The Royal Forest & Bird Protection Society of New Zealand (“Forest & Bird”) challenged the Minister’s decision on the TAC on the grounds that he should only have regard to the scientific considerations based on the best available information, and should not have considered SCE factors. The best available information (the Harvest Strategy Guidelines (“HSS”) and Operating Guidelines (“OG”)) recommended a probability of success of 70%, which Forest & Bird claimed was a mandatory relevant consideration. The Minister adopted an implicit probability of 50%, and had not considered a 70% probability of success.

The High Court determined that SCE factors can only influence the Minister’s decision-making after an “appropriate” period is fixed according to scientific considerations only. It held that the Minister therefore erred by considering SCE factors while determining an “appropriate” period. The High Court agreed with Forest & Bird that the HSS and OG was the best available information and a 70% probability was a mandatory relevant consideration.

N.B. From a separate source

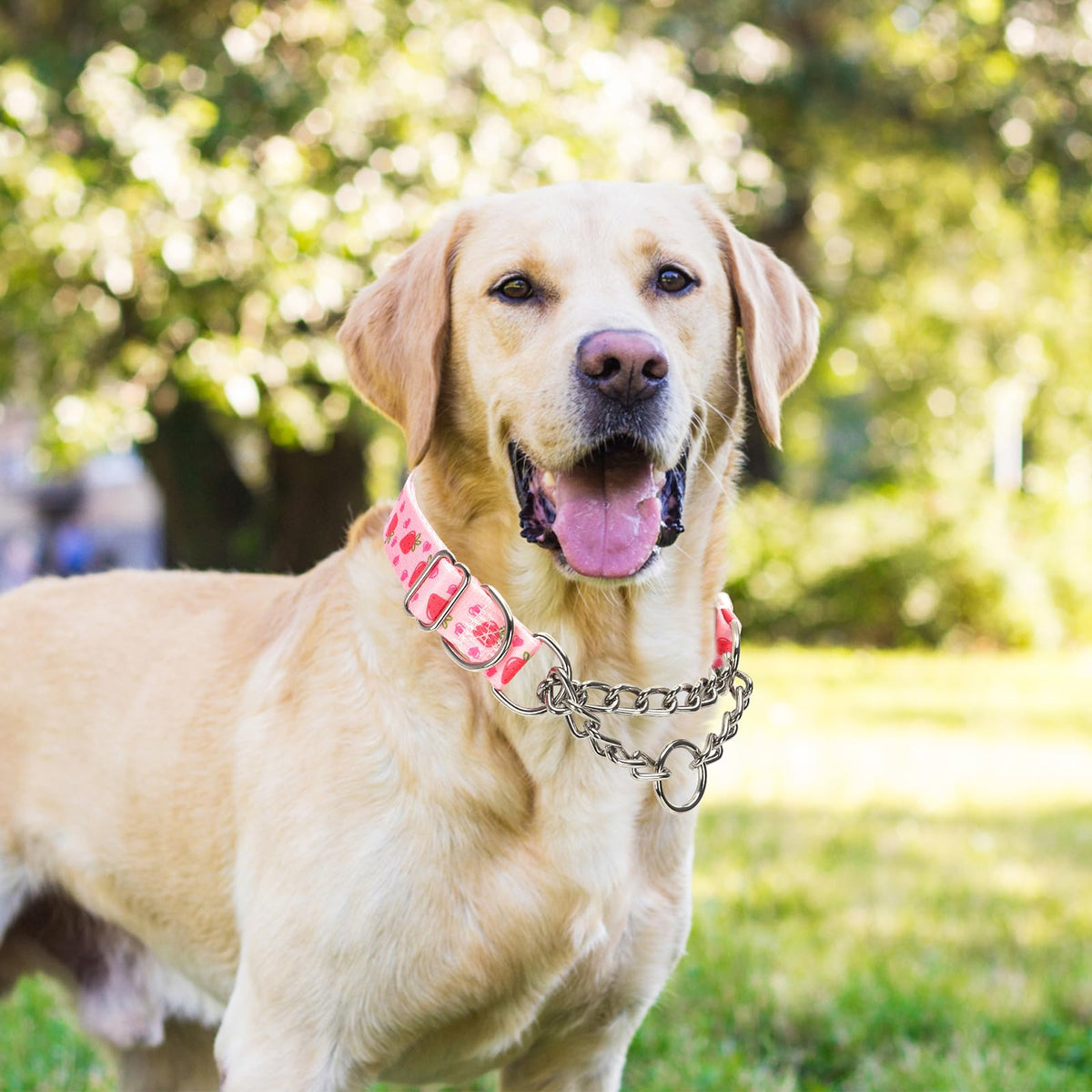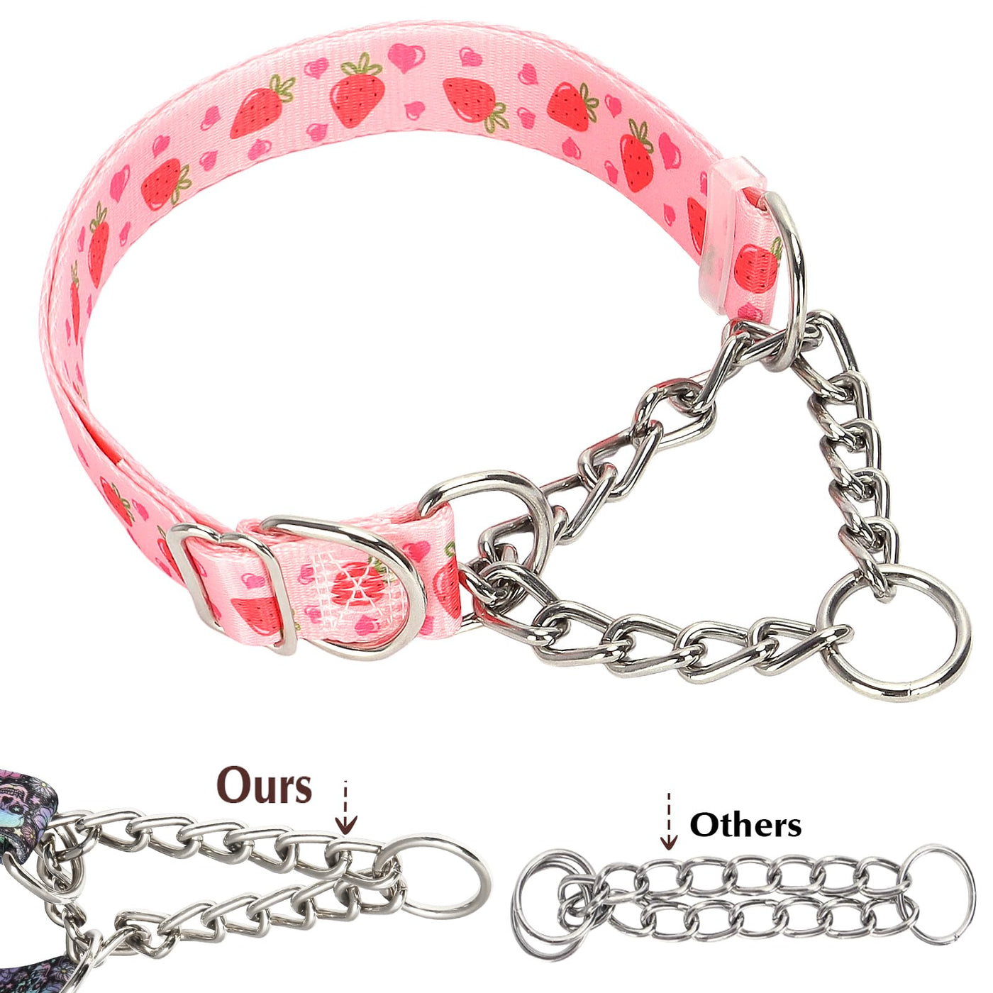 Martingale Collar For Dogs With Nylon & Steel Chain Limited Cinch Design, Pink Strawberries No Choke Dog Collar, Adjustable No P

The Court of Appeal, by majority, dismissed an appeal by Seafood NZ against the High Court’s decision. It found that the “period appropriate to the stock” set a maximum period that must be fixed by reference to scientific considerations, and only insofar as the HSS included SCE factors in its scientific consideration, could the Minister consider them. It also held by majority that the HSS did specify a default 70% probability of success, and that the Minister was required to consider it.

Seafood NZ further appealed to the Supreme Court.

THECASE

What could the Minister consider when setting a “period appropriate to the stock”?

Seafood NZ submitted that the “appropriate” period for the stock rebuild was to be determined alongside the “way and rate” as a single decision, incorporating scientific and SCE factors. Seafood NZ’s counsel accepted there would be an evaluative step where the Minister assessed the appropriateness of the period with sole regard to the scientific factors, but maintained that this was only a relevant consideration and not a control on the TAC.

The Minister submitted that section13(2)(b)(ii) was a cross-check on the period that results from the “way and rate” analysis. They submitted that the legislation does not compel adoption of the “most appropriate” period to the stock, but that there could be a range of “appropriate” periods with regard to the scientific factors. Where the range of periods are “appropriate to the stock”, the Minister may take the SCE factors into account when choosing among them.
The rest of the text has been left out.